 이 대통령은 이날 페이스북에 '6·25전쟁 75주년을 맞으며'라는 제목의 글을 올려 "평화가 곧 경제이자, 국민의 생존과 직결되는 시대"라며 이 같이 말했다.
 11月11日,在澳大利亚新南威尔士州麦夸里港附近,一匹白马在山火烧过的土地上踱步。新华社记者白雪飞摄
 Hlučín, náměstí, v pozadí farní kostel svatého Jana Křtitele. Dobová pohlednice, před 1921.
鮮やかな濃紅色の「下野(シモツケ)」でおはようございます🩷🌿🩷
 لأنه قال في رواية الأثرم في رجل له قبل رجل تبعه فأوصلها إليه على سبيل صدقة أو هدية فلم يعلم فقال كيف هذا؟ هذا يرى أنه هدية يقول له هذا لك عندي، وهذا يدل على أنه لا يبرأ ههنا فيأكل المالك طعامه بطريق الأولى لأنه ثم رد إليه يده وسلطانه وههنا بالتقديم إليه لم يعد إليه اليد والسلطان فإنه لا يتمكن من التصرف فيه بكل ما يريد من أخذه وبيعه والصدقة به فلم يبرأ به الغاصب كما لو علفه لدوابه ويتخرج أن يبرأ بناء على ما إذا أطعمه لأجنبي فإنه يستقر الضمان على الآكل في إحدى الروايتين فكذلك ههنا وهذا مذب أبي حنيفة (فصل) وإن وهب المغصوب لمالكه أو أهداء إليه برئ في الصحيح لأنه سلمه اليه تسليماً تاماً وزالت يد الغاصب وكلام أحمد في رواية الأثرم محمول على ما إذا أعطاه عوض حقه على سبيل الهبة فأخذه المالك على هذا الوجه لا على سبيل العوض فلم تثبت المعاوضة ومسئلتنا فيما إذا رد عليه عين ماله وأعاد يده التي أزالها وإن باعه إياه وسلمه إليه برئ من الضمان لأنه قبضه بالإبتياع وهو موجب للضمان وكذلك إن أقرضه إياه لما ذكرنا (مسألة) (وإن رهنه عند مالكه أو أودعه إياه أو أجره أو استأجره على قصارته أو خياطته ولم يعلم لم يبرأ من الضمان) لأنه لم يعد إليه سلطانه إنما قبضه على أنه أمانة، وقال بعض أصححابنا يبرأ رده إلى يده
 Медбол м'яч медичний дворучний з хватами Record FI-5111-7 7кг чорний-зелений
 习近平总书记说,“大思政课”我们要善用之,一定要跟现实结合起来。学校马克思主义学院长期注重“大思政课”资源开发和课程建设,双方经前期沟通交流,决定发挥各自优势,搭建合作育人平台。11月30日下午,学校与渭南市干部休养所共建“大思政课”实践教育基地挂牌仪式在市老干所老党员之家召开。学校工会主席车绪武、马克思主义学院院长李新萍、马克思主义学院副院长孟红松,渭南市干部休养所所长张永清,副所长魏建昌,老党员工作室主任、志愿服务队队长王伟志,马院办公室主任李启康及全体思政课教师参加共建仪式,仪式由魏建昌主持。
—————
* [REQUIRED WORK]: Once you have read the records above, set each one down again exactly.

* [RESPONSE TO THIS TASK]:
 이 대통령은 이날 페이스북에 '6·25전쟁 75주년을 맞으며'라는 제목의 글을 올려 "평화가 곧 경제이자, 국민의 생존과 직결되는 시대"라며 이 같이 말했다.
 11月11日,在澳大利亚新南威尔士州麦夸里港附近,一匹白马在山火烧过的土地上踱步。新华社记者白雪飞摄
 Hlučín, náměstí, v pozadí farní kostel svatého Jana Křtitele. Dobová pohlednice, před 1921.
鮮やかな濃紅色の「下野(シモツケ)」でおはようございます🩷🌿🩷
 لأنه قال في رواية الأثرم في رجل له قبل رجل تبعه فأوصلها إليه على سبيل صدقة أو هدية فلم يعلم فقال كيف هذا؟ هذا يرى أنه هدية يقول له هذا لك عندي، وهذا يدل على أنه لا يبرأ ههنا فيأكل المالك طعامه بطريق الأولى لأنه ثم رد إليه يده وسلطانه وههنا بالتقديم إليه لم يعد إليه اليد والسلطان فإنه لا يتمكن من التصرف فيه بكل ما يريد من أخذه وبيعه والصدقة به فلم يبرأ به الغاصب كما لو علفه لدوابه ويتخرج أن يبرأ بناء على ما إذا أطعمه لأجنبي فإنه يستقر الضمان على الآكل في إحدى الروايتين فكذلك ههنا وهذا مذب أبي حنيفة (فصل) وإن وهب المغصوب لمالكه أو أهداء إليه برئ في الصحيح لأنه سلمه اليه تسليماً تاماً وزالت يد الغاصب وكلام أحمد في رواية الأثرم محمول على ما إذا أعطاه عوض حقه على سبيل الهبة فأخذه المالك على هذا الوجه لا على سبيل العوض فلم تثبت المعاوضة ومسئلتنا فيما إذا رد عليه عين ماله وأعاد يده التي أزالها وإن باعه إياه وسلمه إليه برئ من الضمان لأنه قبضه بالإبتياع وهو موجب للضمان وكذلك إن أقرضه إياه لما ذكرنا (مسألة) (وإن رهنه عند مالكه أو أودعه إياه أو أجره أو استأجره على قصارته أو خياطته ولم يعلم لم يبرأ من الضمان) لأنه لم يعد إليه سلطانه إنما قبضه على أنه أمانة، وقال بعض أصححابنا يبرأ رده إلى يده
 Медбол м'яч медичний дворучний з хватами Record FI-5111-7 7кг чорний-зелений
 习近平总书记说,“大思政课”我们要善用之,一定要跟现实结合起来。学校马克思主义学院长期注重“大思政课”资源开发和课程建设,双方经前期沟通交流,决定发挥各自优势,搭建合作育人平台。11月30日下午,学校与渭南市干部休养所共建“大思政课”实践教育基地挂牌仪式在市老干所老党员之家召开。学校工会主席车绪武、马克思主义学院院长李新萍、马克思主义学院副院长孟红松,渭南市干部休养所所长张永清,副所长魏建昌,老党员工作室主任、志愿服务队队长王伟志,马院办公室主任李启康及全体思政课教师参加共建仪式,仪式由魏建昌主持。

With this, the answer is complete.